Jianbo Dong, Bin Luo, Jun Zhang, Pengcheng Zhang, Fei Feng,
Yikai Zhu, Ang Liu, Zian Chen, Yi Shi, Hairong Jiao, Gang Lu, Yu Guan,
Ennan Zhai, Wencong Xiao, Hanyu Zhao, Man Yuan, Siran Yang, Xiang Li,
Jiamang Wang, Rui Men, Jianwei Zhang, Chang Zhou, Dennis Cai, Yuan Xie,
Binzhang Fu | Alibaba Group; HKUST | 2025 IEEE International Symposium
on High-Performance Computer Architecture (HPCA 2025)
Per-section summary organized by paper headings.
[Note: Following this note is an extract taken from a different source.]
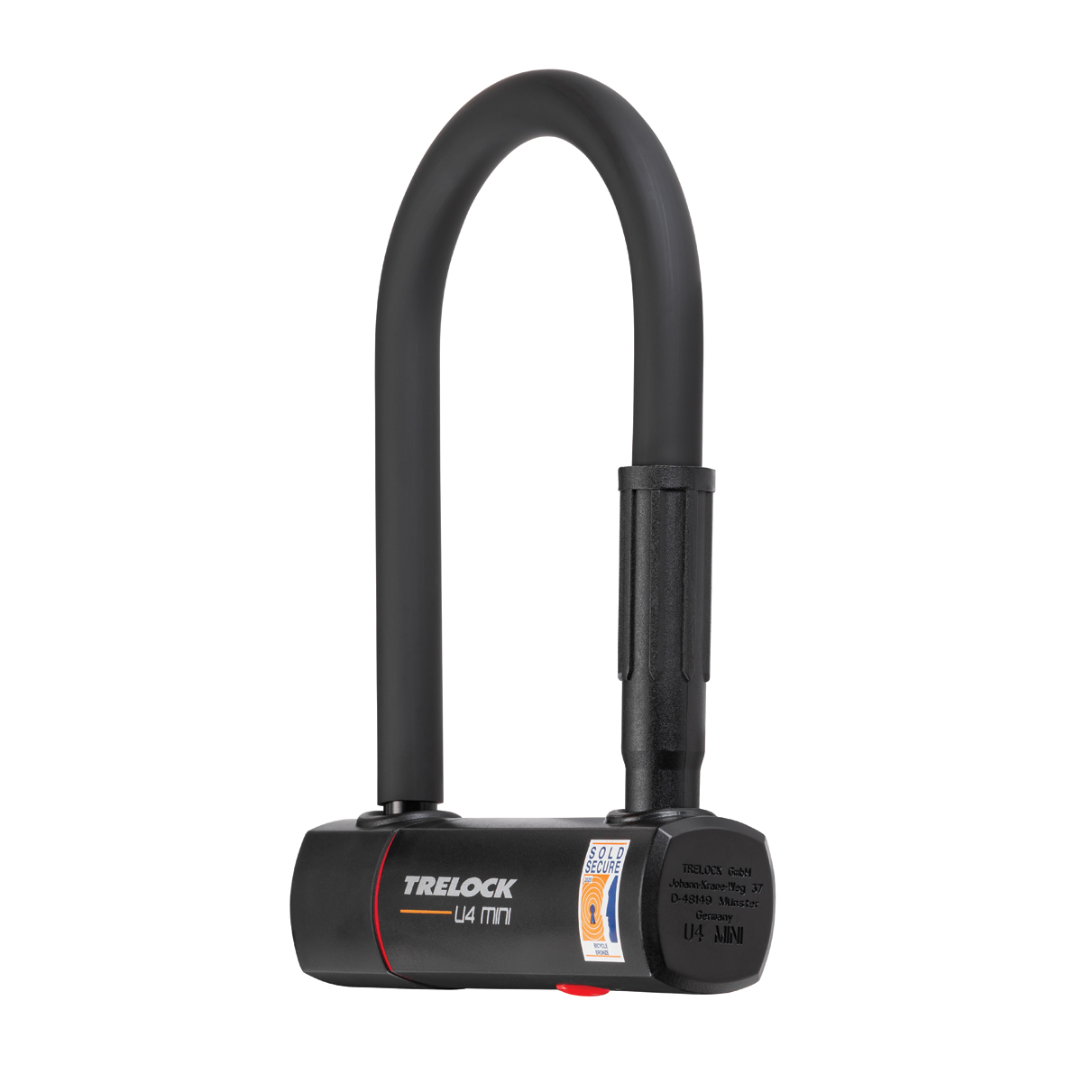 Das Einstiegs-Modell U4 der neuen TRELOCK Bügelschlossserie überzeugt, wie der Rest der Serie durch sein ansprechendes Produktdesign. Aber auch hier stimmen die inneren Werte. Ein 14 mm starker Bügel aus gehärtetem Stahl sowie ein sicherer Scheibenzylinder machen Fahrraddieben das Leben schwer. Die kompakte Größe der Mini-Variante lässt sich komfortabel transportieren.

Each section
includes paragraph-level bullet points and exact quantitative results
where the paper provides them.
Abstract
- Modern LLM training requires distributed computation across
thousands of GPUs, and overall efficiency is far below ideal because of
two recurring issues: hardware errors that crash entire jobs and network
traffic collisions that slow steady-state communication.
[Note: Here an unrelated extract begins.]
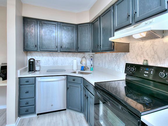 Spacious and sun-filled, this inviting townhome offers an ideal blend of comfort and functionality. The main level features soaring ceilings and an open layout, with a generous living and dining area that flows seamlessly to a private deck-perfect for relaxing or entertaining. The eat-in kitchen is outfitted with quartz countertops and ample cabinetry, while a convenient half bath rounds out the first floor. Upstairs, you'll find two well-sized bedrooms, a full bath, and a laundry area with a washer and dryer thoughtfully located on the second floor. The finished lower level adds versatility with a wet bar and flexible space that could serve as a home office, gym, or rec room. There's also a utility room providing additional storage. Additional highlights include natural gas heating, central air, and two assigned parking spaces. Please note: no pets allowed. The tenant pays for all utilities, gas heat, water and liability insurance required.

- Distributed training is fundamentally synchronization-bound: each
iteration exchanges gradients, parameters, and activations across all
workers, so any single faulty node halts the cluster, and the time spent
identifying the faulty node is pure waste.
- The authors propose C4 (Calibrating Collective Communication
over Converged Ethernet), a communication-driven solution built
on two insights: (1) data-parallel training has homogeneous, periodic
synchronization, so anomalies leave detectable timing syndromes inside
collective communication; (2) collective communication is dominated by
long-lived "elephant" flows whose schedule is predictable, enabling
cluster-scale traffic engineering rather than reactive ECMP.
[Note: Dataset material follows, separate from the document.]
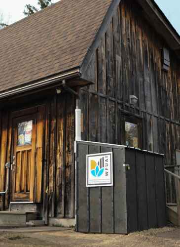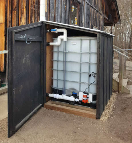 Housed inside a wooden enclosure, the plastic, 1,000-litre demonstration tank at the nature centre is fed by eavestrough downspouts from a roof that was originally intended to accommodate solar panels. Those panels were never installed.

- Production deployment in a hyperscale Alibaba Cloud cluster lifts
system efficiency from ~30% to ~45%, with a 30% reduction in
error-induced overhead and a 15% reduction in communication cost on real
LLM jobs.
I. Introduction
- LLMs (GPT, Llama and the broader generative-AI family) have
transformed ML and AI applications, and training one (e.g., a
175B-parameter model) routinely consumes roughly two months on a
1,000-GPU cluster.
- Two compounding sources of suboptimal GPU utilization motivate the
work: (1) recovery from system errors can occupy more than 30% of the
job's wall-clock lifespan, and (2) collective-communication cost rises
with scale and erodes parallel speedup.
- High error rates on the latest accelerators are unavoidable. Under
Bulk Synchronous Parallel (BSP) semantics, a single
node fault manifests as a cluster-wide failure, after which extensive
manual diagnosis is needed to find the actual root cause.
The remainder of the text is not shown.